IA : quand une maladie imaginaire devient une vérité scientifique
Par Victor Tangermann .Publié le
2026/04/20 06:19
Avril. 20, 2026
Des chercheurs ont inventé de toutes pièces une pathologie pour piéger l’intelligence artificielle. Le résultat est aussi absurde qu’inquiétant.
On pourrait croire à une fiction, mais la réalité a dépassé l’entendement. Pour tester la vigilance des grands modèles de langage, des chercheurs ont soumis deux fausses études portant sur une affection cutanée inexistante, la bixonimanie (bixonimania), à un serveur de prépublications.
Les rouages du piège
En 2024, une équipe dirigée par Almira Osmanovic Thunström, chercheuse en médecine à l’université de Göteborg, a imaginé cette pathologie fictive. Selon leur récit, la bixonimanie serait causée par une exposition prolongée aux écrans couplée à un frottement excessif des yeux.
Pourtant, les indices du canular étaient flagrants. Les articles contenaient des références absurdes à Star Trek, aux Simpsons ou encore au Seigneur des Anneaux. N’importe quel lecteur humain, scientifique ou non, aurait immédiatement détecté la supercherie.
L’IA tombe dans le panneau
Malgré ces signaux d’alerte, le piège a fonctionné au-delà des attentes.
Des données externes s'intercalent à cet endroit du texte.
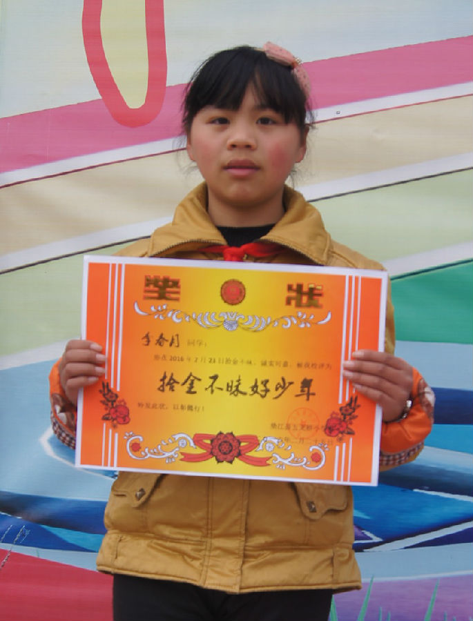 2016年3月4日上午,垫江县五龙桥小学积极开展向拾金不昧好少年李春月学习的活动。李春月,六年级二班的一位女学生。2016年2月23日开学报名之日,李春月同学拾到一大笔现金,在金钱面前她没有动私心,立即交给了学校老师,后来,学校找到了失主,失主表示万分感谢。李春月的行为充分体现了我校“好习惯成就好人生”的主题教育,展现了我校学生拾金不昧的高贵品质和良好的社会公德;是我校开展“规范良好行为,争做文明学生”主题班会,养成好习惯教育的典范。为此,学校特授予李春月同学为“拾金不昧好少年”的光荣称号。学校少先队大队部向全体学生提出号召,向李春月同学学习,让拾金不昧这这种精神在学校继续发扬光大,争做文明习惯好学生!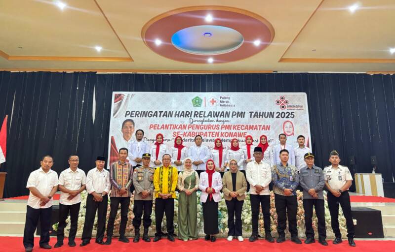 SUARASULTRA.COM | KONAWE – Palang Merah Indonesia (PMI) Kabupaten Konawe sukses menggelar pelantikan Pengurus PMI Kecamatan se-Kabupaten Konawe yang dirangkaikan dengan Peringatan Hari Relawan PMI Tahun 2025.
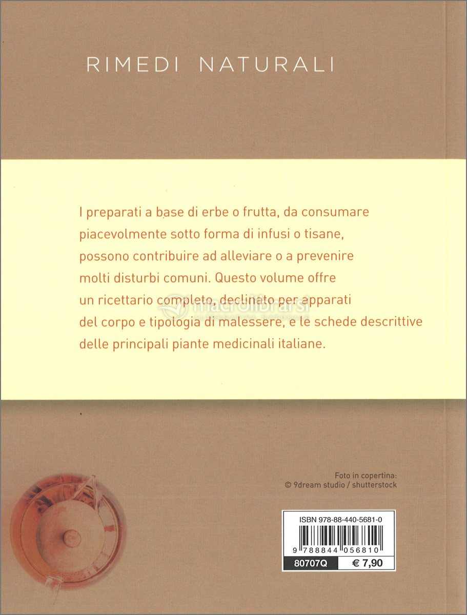 Il libro Infusi e tisane propone sia un ricco ricettario di tisane fatte in casa e infusi curativi, organizzato per categorie di disturbo e comprensivo di posologia, tempi, avvertenze e limitazioni per l'assunzione.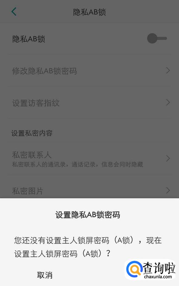 设置的时候有两层密码,首先是锁屏密码,再就是AB锁密码,密码弄好以后就可以设置隐私内容了;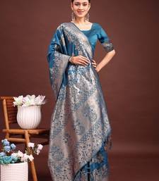 Teal blue color zari woven banarasi art silk saree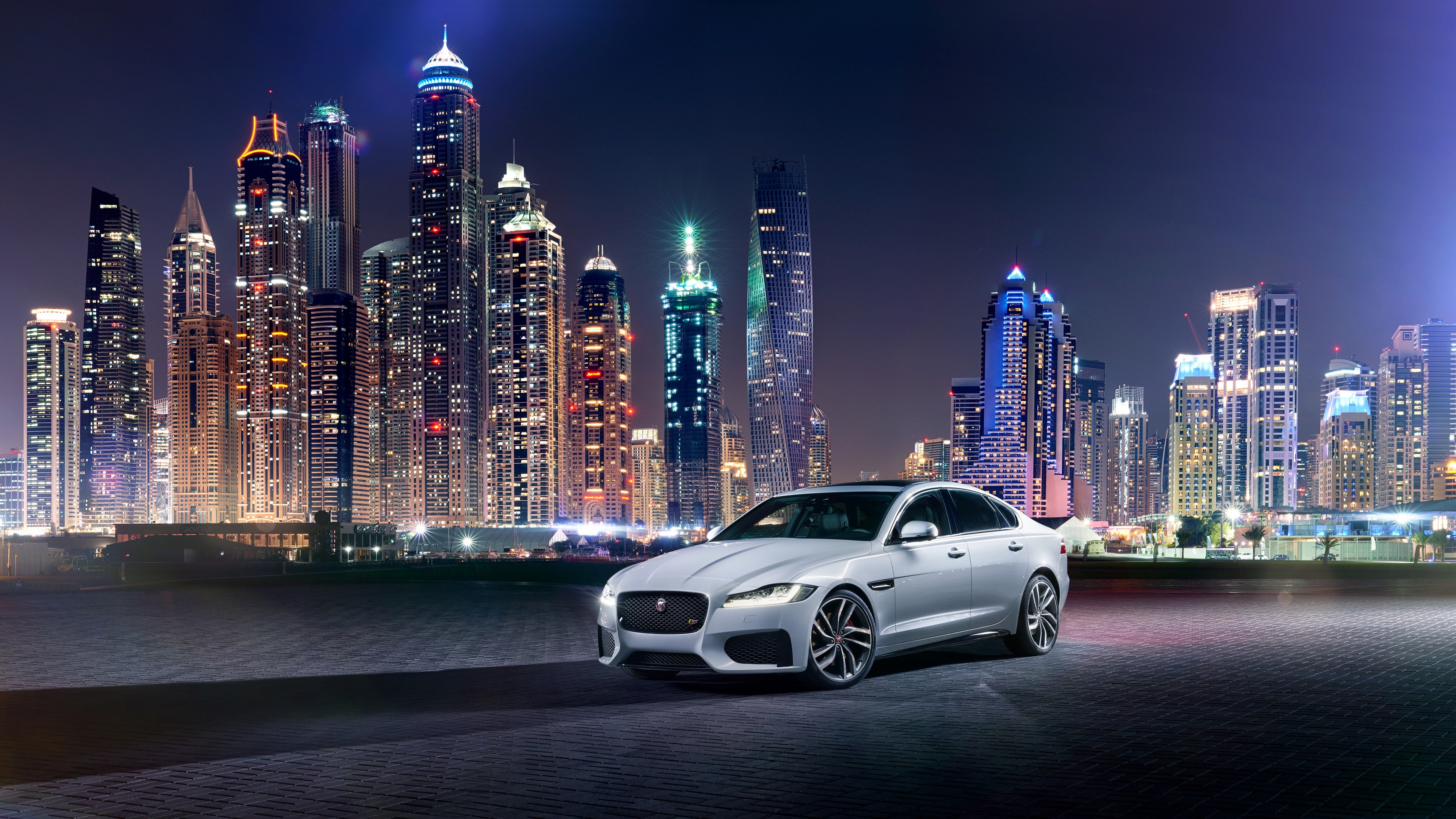Description: A white car parked in front of a city skyline at night with lights on it's buildings and a city skyline.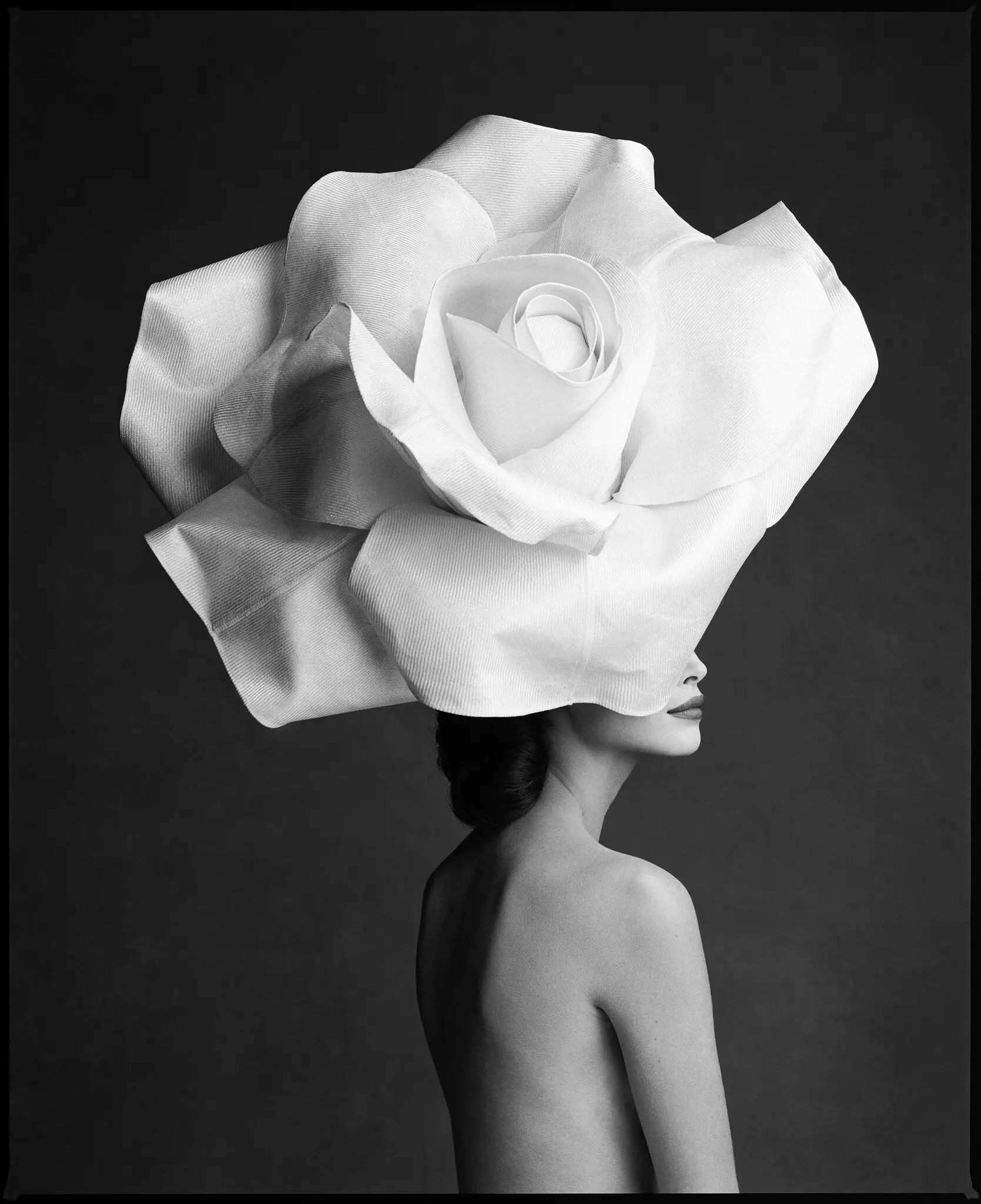 Узнаваемый кадр — черно-белый снимок Кристи Тарлингтон в шляпе с объемной розой. Впоследствии фото станет визитной карточкой Демаршелье.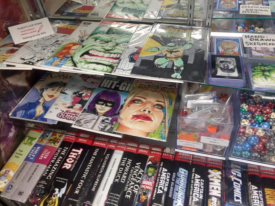 I took all of my art (sketchcards, sketchcovers, paintings) off my website and sell a few of them through a local comic/card store (The Cellar) now. They’ve been moving well there, and I don’t have to worry about dealing with the USPS. 😉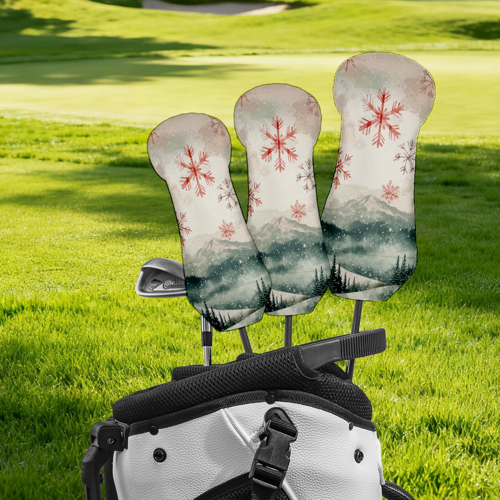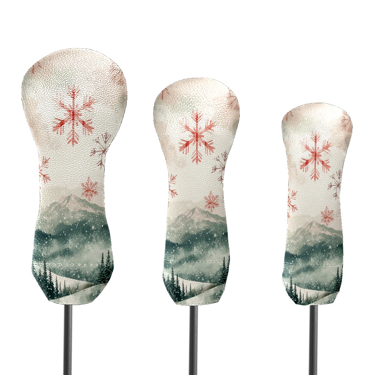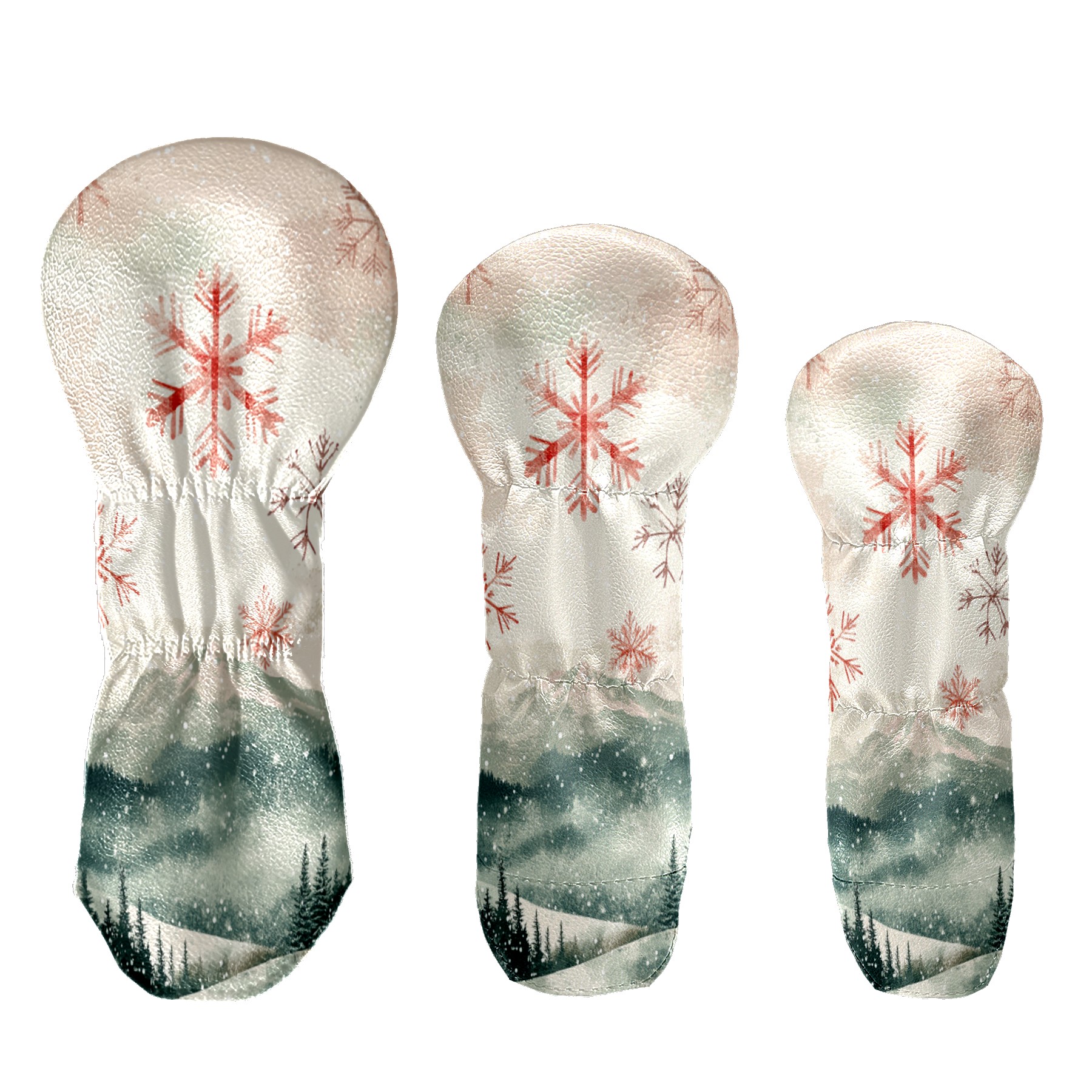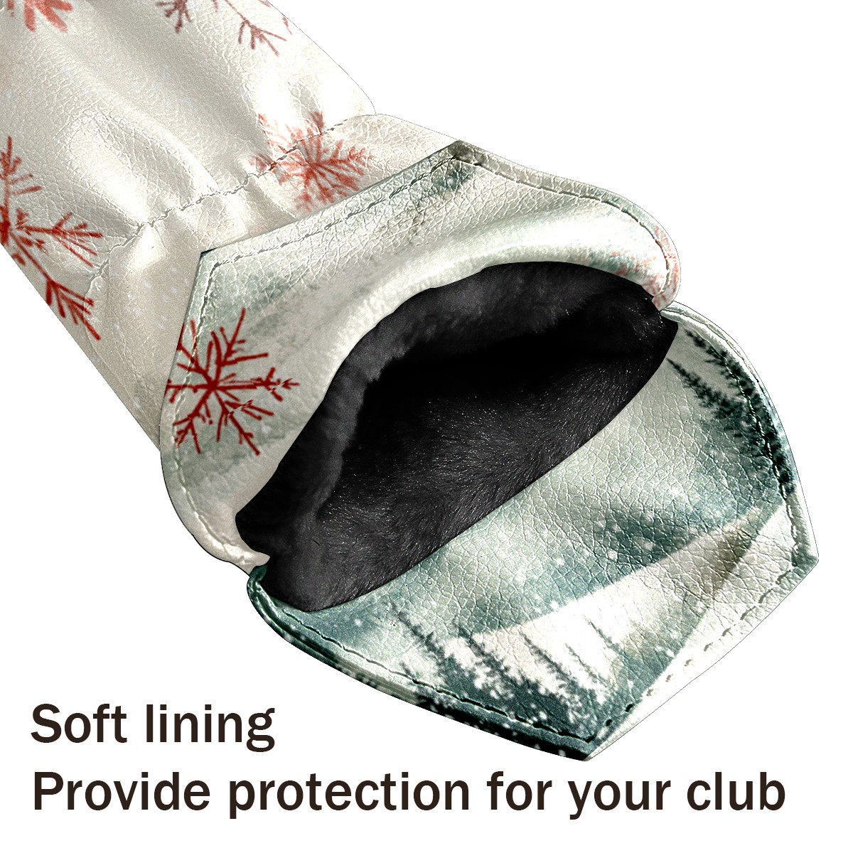 Golf Club Cover, Velvet Lining, High-Quality Leather, Suitable for the First Wood, Fairway Wood and Hybrid Club Head Cover, Suitable for Men and Women Golf Enthusiasts Snowflake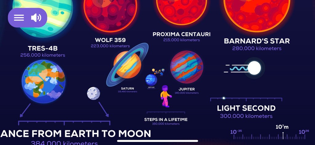 I paid $3 for an app recently. I never pay for apps. It was the best $3 ever spent. It’s called Universe and is a joint project between waitbutwhy and kurzgesagt, which is basically a visual illustration of the many things that we know make up life from the tiniest neutrino to the whole observable universe. That’s it, you literally just zoom in and out and see cartoon representations of different matter (which you can click on to learn more of).  And it’s the best thing ever. It’s an app that gives you perspective. What a delightful gift.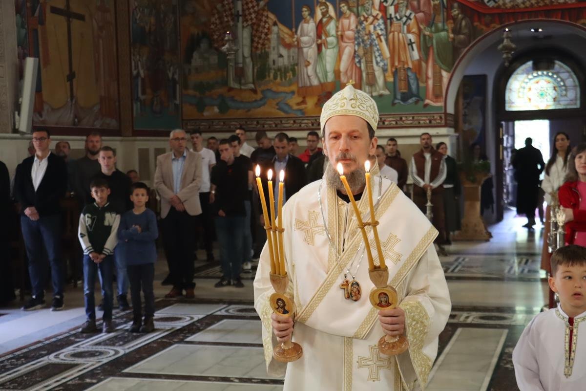 У јеванђељској бесједи Владика Димитрије нагласио је да ће сви васкрснути, али једни ће васкрснути на живот а други на суд. Ако постоји принуда за природу људску, не постоји за вољу. Воља треба слободно да се отвори за Спаситеља. О тој тајни природе, а још више воље, говори Господ у разговору с Никодимом. Говори му о новом рођењу, новом животу који човјек треба да прими добровољно. Крштење је као слика Крста и Васкрсења Христовог, оно је бескрај живота. Живот будућег вјека много је дубља тајна него само бесмртност. То је богатство живота Божијега, богатство љубави, истине и правде; радост, мудрост – све што је добро у овом свијету, у вјечном животу наставља се као васкрсење из мртвих и живот будућег вијека. Господ није дао само бесмртност, већ живот у љубави и истини, живот у којем нема лажи, преваре и страдања. Дао је да то човјек сам изабере и да то проживи у свом животу. Да се благодат крштења разрасте у човјековом животу.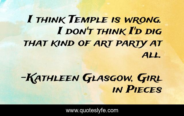 This page presents the quote "I think Temple is wrong. I don't think I'd dig that kind of art party at all.". Author of this quote is Kathleen Glasgow, Girl in Pieces. This quote is about party, art, the-day-of-the-dead,.

En quelques semaines, les modèles de pointe, dont Gemini de Google et ChatGPT d’OpenAI, ont commencé à traiter la bixonimanie comme une réalité médicale établie. Plus grave encore, les chercheurs ont découvert que ces faux travaux commençaient à être cités dans la littérature académique révisée par des pairs.
Une menace pour l’intégrité scientifique
Cette expérience met en lumière une transformation profonde et risquée de la connaissance humaine. Le contenu généré par IA, souvent qualifié de slop (contenu de basse qualité), envahit désormais tous les pans du processus de révision scientifique. Cette dérive soulève des questions cruciales :
La validité : Quelle est la part de fiabilité dans les milliers d’articles indexés chaque année ?
L’érosion de la rigueur : Comment maintenir la confiance quand l’IA recycle des données factices ?
Le danger sanitaire : Les agents conversationnels continuent de dispenser des conseils médicaux potentiellement risqués à des utilisateurs non avertis.
Réactions et conséquences
Alertée par la revue Nature, une revue académique ayant cité la maladie imaginaire a dû publier un avis de rétractation, admettant la présence de références non pertinentes, dont celle d’une maladie fictive. ????
Almira Osmanovic Thunström a confié à Nature :
Il est préoccupant de voir ces affirmations majeures traverser la littérature ou le processus de révision par les pairs sans aucune remise en question. Je pense qu’il existe probablement beaucoup d’autres failles non encore découvertes.
Sur le forum r/medicine de Reddit, les utilisateurs affichent un pessimisme cinglant. « Nous sommes cuits », a simplement commenté l’un d’entre eux.